Improving the Measurement of Surgical Site Infection (SSI) Risk Stratification and Outcome Detection
ACTION Contract No. 290-2006-00-20, Task Order No. 8
Task 4: Surgeon Focus Group – Final Content Analysis
Six surgeons in addition to the facilitator participated in the focus group conducted on February 3, 2010, adjunct to the 5th annual Academic Surgical Congress in San Antonio, TX. Participants represented multiple health system types and surgical specialties, as described in Table 1 below:
|Surgeon ID||Surgical Specialty||Health System Type|
|Surgeon #01||General Surgery||Academic / Private|
|Surgeon #02||General Surgery||Academic|
|Surgeon #03||General Surgery||VA|
|Surgeon #04||General Surgery – Trauma/Critical Care focus||Academic / Safety Net|
|Surgeon #05||General Surgery – Trauma/Critical Care focus||Private|
|Surgeon #06||Surgical Oncology||Academic / Safety Net|
Focus group data were collected through audio recordings and notes and observations documented by a qualitative researcher during the focus group session, and subjected to content analysis through review of both written and recorded materials.

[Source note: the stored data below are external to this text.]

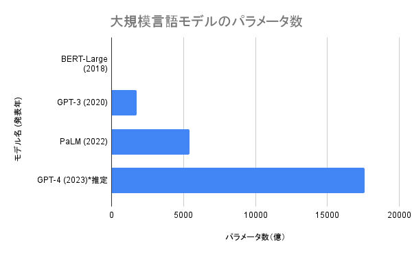 2018年に登場したBERT-Largeのパラメータ数は約3億4000万でした。しかし、そのわずか2年後の2020年に登場したGPT-3は、その約500倍にあたる1750億個。そして、2022年以降に登場したモデルの中には、1兆を超えるパラメータ数を持つものも存在すると言われています。
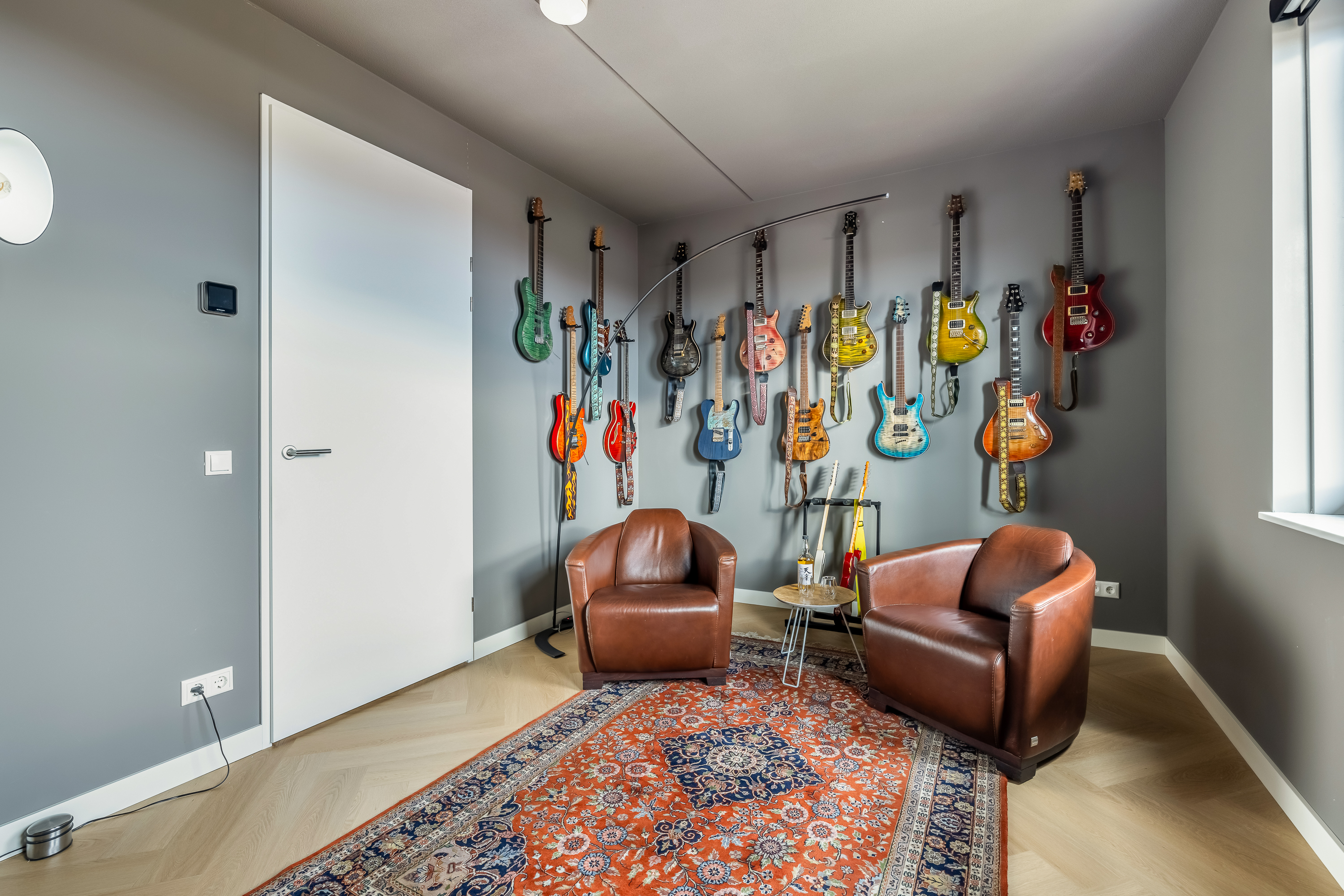 Landing and technical room. At the front is the master bedroom with a beautiful built-in wardrobe. At the rear is currently a large man cave, but this space can also serve as an additional large bedroom. The home is so well insulated that even playing the guitar won’t disturb the neighbours — how perfect is that?
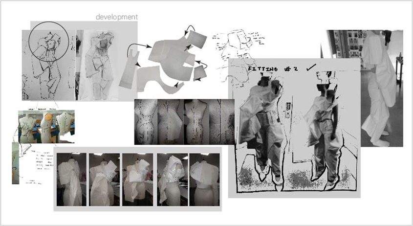 I reused the Velcro straps and buckles from my collection of these boots, as closure details on my garments, to bring to whole journey from my original source to inspired design, full circle. I took my shape and silhouette inspiration from my own medical gait analysis videos and translated the movement of my walking into my pieces. I wanted to channel these static movements, into something artistic, challenging my own relationship with my view of the disability.
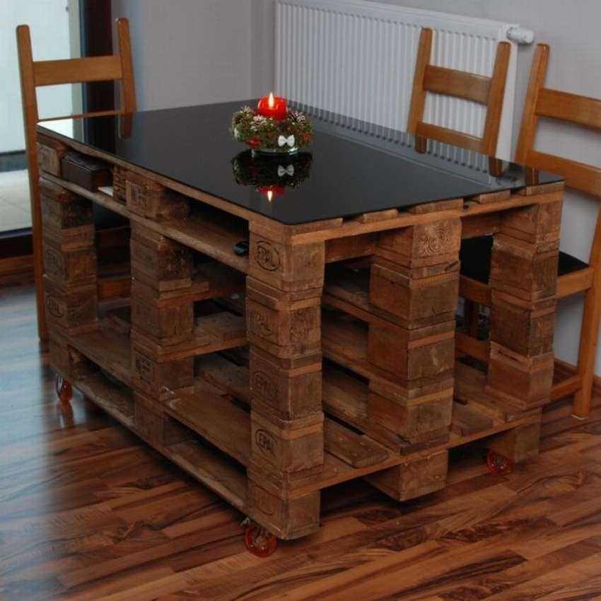 В таком случае берут европоддон, переворачивают так, чтобы поверхность оставалась на полу. Ту часть досок, которая образует основание паллета, отрезают. Этот будет материал для полок, которые фиксируют в поперечном направлении на щите, полученном из основной части поддона. Все деревянные поверхности шлифуют с помощью наждачной бумаги. При желании их можно покрыть лаком.
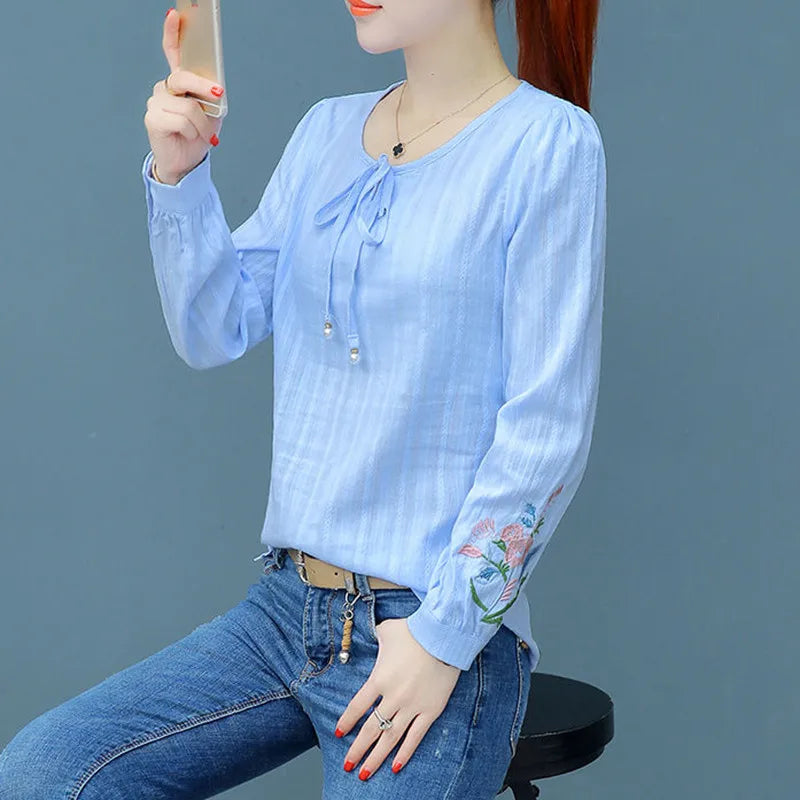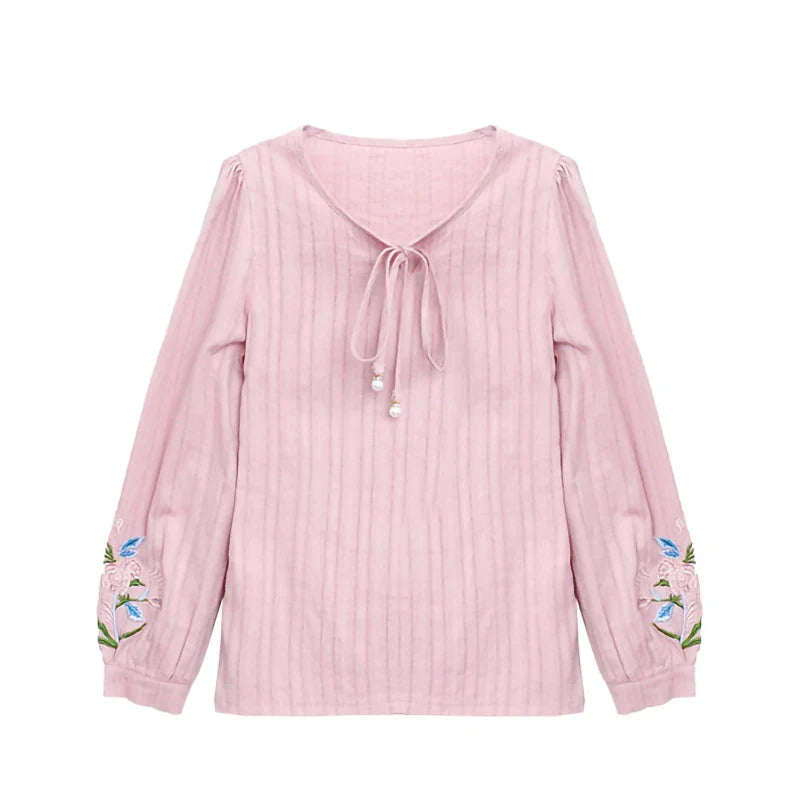 Bluse i Bomuldshør med Broderi og Sløjfe - Merrian
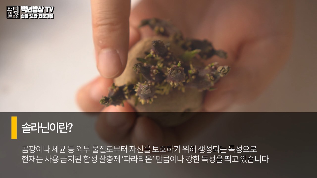 곰팡이나 세균 등 외부물질로부터 자기 자신을 보호하기 위해 생성되는 독성으로 그 독성은 현재 사용 금지된 합성살충제 ‘파라티온’만큼이나 강한 독성을 띠고 있습니다. 열을 가해도 파괴되지 않으며 솔라닌 30mg 이상 섭취시 복통, 구토 및 식중독 증상을 일으킬 수 있으니 꼭! 안전히 제거 후 드셔주셔야 합니다.
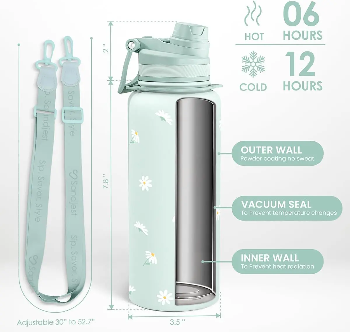 ·Sturdy Material: Made from high-quality stainless steel, this water bottle provides exceptional durability, while maintaining optimal temperature for your hot or cold beverages for hours.
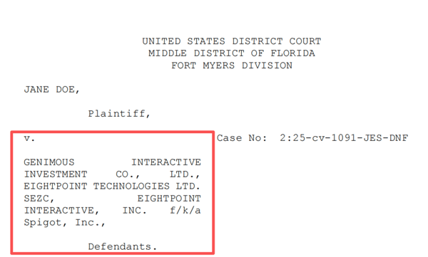 记者从U.S. District Court for the Middle District of Florida(美国佛罗里达州中区地方法院)官网获悉,一份签署日期为2026年2月的裁判文书显示,原告Jane Doe于2025年11月提起诉讼,起诉Genimous Interactive Investment Co., Ltd.(以下简称“Genimous Interactive”)、Eightpoint Technologies Ltd. SEZC(以下简称“Eightpoint”)以及 Eightpoint Interactive, Inc.(原名 Spigot, Inc.,以下简称“Spigot”)(下称“被告”),并就2023年12月9日在佛罗里达州迈尔斯堡发生的一起性侵(sexual battery)事件提出过失及替代责任主张。
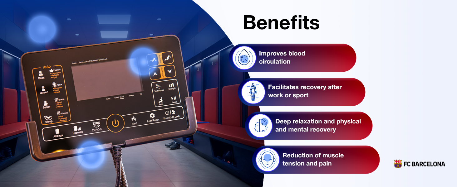 El sillón de masaje Barça Inspire 3D integra 16 programas automáticos para bienestar, alivio del estrés, sueño profundo y recuperación deportiva.
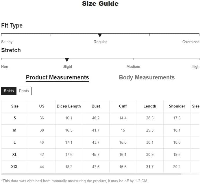 Size Chart: Pants: Small:Length:17.9″, Waist Size:30.7″, Hip Size:41.3″, Thigh:26.7″/ Medium:Length:18.3″, Waist Size:32.3″, Hip Size:42.9″, Thigh:27.6″/ Large:Length:18.7″, Waist Size:34.3″, Hip Size:44.9″, Thigh:28.6″/ X-Large:Length:19.1″, Waist Size:36.2″, Hip Size:46.9″, Thigh:29.7″/ XX-Large: Length:19.5″, Waist Size:38.2″, Hip Size:48.8″, Thigh:30.7″/ Tops: Small:Shoulder:18.1″, Length:28.1″, Sleeve Length:9.1″, Bust:42.1″, Waist Size:41.3″, Cuff:13.9″/ Medium:Shoulder:18.7″, Length:28.9″, Sleeve Length:9.3″, Bust:43.7″, Waist Size:42.9″, Cuff:14.4″/ Large:Shoulder:19.4″, Length:29.7″, Sleeve Length:9.5″, Bust:45.7″, Waist Size:44.9″, Cuff:14.9″/ X-Large:Shoulder:20.1″, Length:30.5″, Sleeve Length:9.7″, Bust:47.6″, Waist Size:46.9″, Cuff:15.5″/ XX-Large: Shoulder:20.8″, Length:31.3″, Sleeve Length:10″, Bust:49.6″, Waist Size:48.8″, Cuff:16″/
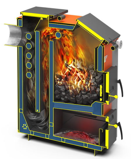 2. Pyrolysis - are distinguished by the use of the principle of separate combustion of materials and gases generated during combustion. Heat is generated in large quantities when mixed with the supplied oxygen. Waste in the form of ash and soot is practically not formed, and the efficiency of the device is very high. It is imperative to comply with increased requirements for the moisture content of firewood, which should not exceed 15 percent.

An inductive approach utilizing an open, heuristic coding process was undertaken in order to identify initial topics mentioned by participants. Individual topics were then further categorized based on the number of participants who conveyed agreement with the concept being discussed. A topic was identified as a theme based on the mention of or agreement with an item by three or more individual participants.
Data were reviewed to the saturation point and discussed with the focus group facilitator and subject expert to ensure the most comprehensive identification of patterns. Topics identified as duplicative were combined into a single occurrence, and themes identified from the comprehensive topic list based on the number of individual mentions. The final themes identified through analysis are categorized and presented in Table 2 below.
Models and Metrics
|Current SSI risk assessment tools are inadequate; current risk adjustment models are inappropriate because of improperly accounting for nonmodifiable factor inclusion. A risk model should be based on patient factors as predictors.|
|The number of variables in the equation (the model) is an issue. Providers may feel frustration at expending effort in tracking nonsignificant factors that don't effect substantive change.|
|Existing metrics need to be adjusted and/or new metrics need to be developed. Providers would like to know which factors are most important and significant.|
|Risk provides a metric (standard) against which to measure outcomes, but current risk models are not specific enough.|
|Factors, Risks, and Rates|
|The specific definition of a factor is important. Variance in the interpretation of measures may significantly affect results (rates).|
|Consider conducting an intervention on one or more risk factor variables based on risk level, instead of a “one size fits all” approach (stratification).|
|Increased awareness of risk factors and/or attention to measurement and tracking improves compliance.|
|Surgery scheduling and timing issues are themselves factors that affect risk.|
|Emergency surgery risks should be considered separately from elective surgery risks.|
|The risk of not operating may outweigh the risk of operating (risk of SSI).|
|The risks for a patient with managed comorbidities, or one who is compliant with medical recommendations, are different from those for one who has unmanaged or undocumented comorbidities or who is not compliant.|
|Feedback needs to be provided/received in timely fashion and at the level of the individual provider.|
|Assessment of rates based on clinical pathways (process factors) is notably different from the assessment of rates based on end results (outcome factors).|
|Rates from data provided by hospitals that pay to participate in the database may not be best reflective of the whole population.|
|Methods of documentation significantly affect reported rates, especially in private settings versus public ones (payer-based).|
The consensus among participants was that current models for surgical site infection risk assessment were inadequate for their needs. Risk models were found to either inappropriately account for the factors they included or to include an excessive number of factors, such that items of actual significance were obscured. Desire was expressed for the development of new models based on specific patient factors which are identified as significant in affecting risk rates.
Participants agreed that infection rate assessments varied based on items such as whether rates were determined based on process or outcome factors, what methods of documentation were used to report rates between private and public settings, whether or not rate data provided to an analysis database by participant hospitals who pay for inclusion are reflective of all populations, and whether or not there was variance in the interpretation of how risk factor measures were defined.
Likewise, risks were determined to vary with some factors to a degree such that different broad categories of risk might be considered, such as risks for emergency surgery patients versus those for elective surgery patients; risks for a patient with managed comorbidities versus those for patients with poorly managed or undocumented comorbidities; risks for patients in compliance with medical recommendations versus risks for non-compliant patients; and whether in some cases scheduling considerations, operation timing, or the risk to a patient that might result from a delayed operation outweighed the risk of infection resulting from the operation itself.
Finally, participants suggested approaches for improving risk assessment and management, such as giving provider-level feedback in a timely fashion; increasing risk awareness by drawing attention to measurement and tracking of risk factors; and intervening on one or more risk factor variables based on a patient's risk level, instead of taking a “one size fits all” approach to risk.